O condomínio deverá manter ao menos 2 (dois) funcionários próprios e indenizar os demais que forem desligados. Não há, pelo menos neste momento, nenhuma alternativa diferente do que está previsto na CCT. Ainda com relação aos 2 (dois) postos de trabalho que devem ser mantidos, entendemos que a contratação de uma empresa terceirizada para suprir esses 2 postos, poderá ser entendida como tentativa de burlar a norma coletiva com a instauração de sindicância pelo sindicato e posterior denúncia ao Ministério Público do Trabalho.


A mencionada indenização adicional, em outro momento também chamada de multa, poderá ser reduzida pela metade desde que o síndico do condomínio aprove a opção do REDINO, sendo que este também está regulamentado na própria norma coletiva. Portanto, a demissão dos funcionários sem o pagamento dessa indenização/multa, certamente ocasionará o ajuizamento de ações trabalhistas, inclusive com a cobrança de multa normativa pelo descumprimento de cláusulas convencionadas.



AOS QUE CONSIDERAM A CLÁUSULA INVÁLIDA:


Segundo advogados do sindicato patronal, caso o aviso prévio tenha sido emitido ANTES do registro da CCT, as exigências desta cláusula não se aplicam.

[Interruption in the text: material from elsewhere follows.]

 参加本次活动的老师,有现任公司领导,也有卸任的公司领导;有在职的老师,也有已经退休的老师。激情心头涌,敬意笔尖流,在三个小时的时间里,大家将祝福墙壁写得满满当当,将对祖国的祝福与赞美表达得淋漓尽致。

No entendimento dos advogados do SECOVI, qualquer cláusula da CCT que impeça ou limite o direito de escolha do empregador é inválida. As Convenções Coletivas de Trabalho não podem impor ao empregador, qualquer obrigação ou proibição de contratação do fornecedor “X” ou do serviço “Y”. No caso da terceirização em condomínios, não resta mais dúvidas acerca da sua legalidade, haja vista a promulgação do “Marco Legal da Terceirização” por meio da lei 13.429/2017, que alterou a lei 6.019/1974 para reconhecer a legalidade e traçar as regras para a contratação de serviços. No caso de condomínios com portaria virtual/remota, esta é uma das modalidades de prestação de serviços abarcadas pela lei da terceirização, portanto, não cabe discussão acerca da sua legalidade, que encontra amparo no marco legal.

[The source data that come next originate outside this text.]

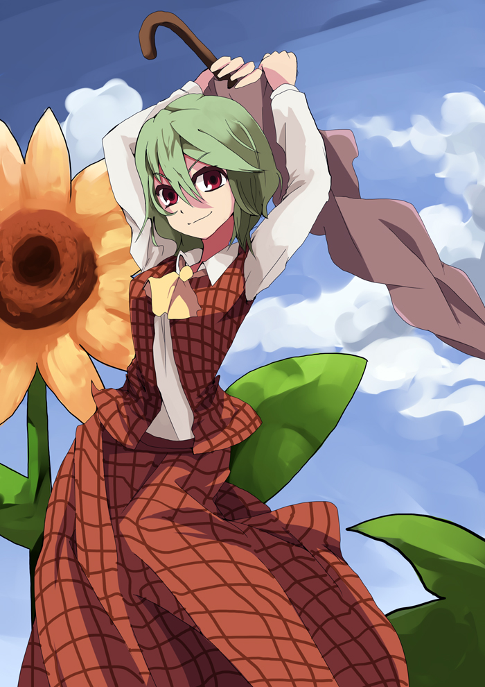 1girlarms upascotclosed umbrellafemale focusflowergreen hairplaid clothesplaid skirtplaid vestred eyesribbonshort hairskirtskirt setsmilesolosunflowerumbrellavest
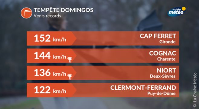 Domingos : une tempête remarquable, jusqu'à 152 km/h en Gironde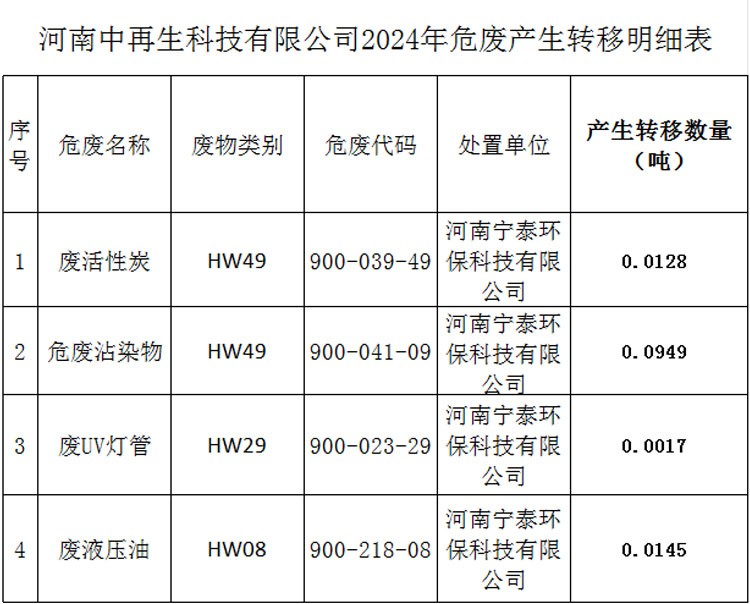 河南中再生科技有限公司2024年危廢情況公示

Alguns juristas acreditam que a cláusula 36ª, da CCT 2023/2024 firmada entre o SINDICOND e o SINDIFICIOS, deverá ser expurgada da convenção, tão logo o sindicato das empresas de monitoramento eletrônico apresente ao STF uma reclamação, para fins de preservar a autoridade dos julgamentos realizados com repercussão geral.



CONCLUSÃO:


Quando as opiniões dos juristas especialistas são divergentes, é normal os síndicos e conselheiros do condomínio ficarem perdidos, e nesta hora o auxílio da administradora e seu departamento de Recursos Humanos é fundamental. Aos síndicos de condomínios mais precavidos, entendemos que uma das medidas inicias, seria a adesão ao REDINO (Regime Especial de Direitos Normativos), que implica na contribuição ao sindicado patronal SINDICOND, no valor de seis (06) parcelas de R$ 165,00. O síndico também pode convocar uma assembleia, para compartilhar a decisão com os demais condôminos.


A nova Convenção Coletiva de Trabalho, firmada no final de setembro/2023, entre os sindicatos dos trabalhadores (SINDIFICIOS) e dos condomínios (SINDICOND), prevê uma mudança interessante, para os condomínios e associações de moradores, que estão em processo, ou pretendem implantar um sistema de portaria e controle de acesso virtual/remoto. Mesmo com opiniões divergentes entre os juristas especialistas na área, os síndicos devem ficar atentos às próximas notícias sobre o tema.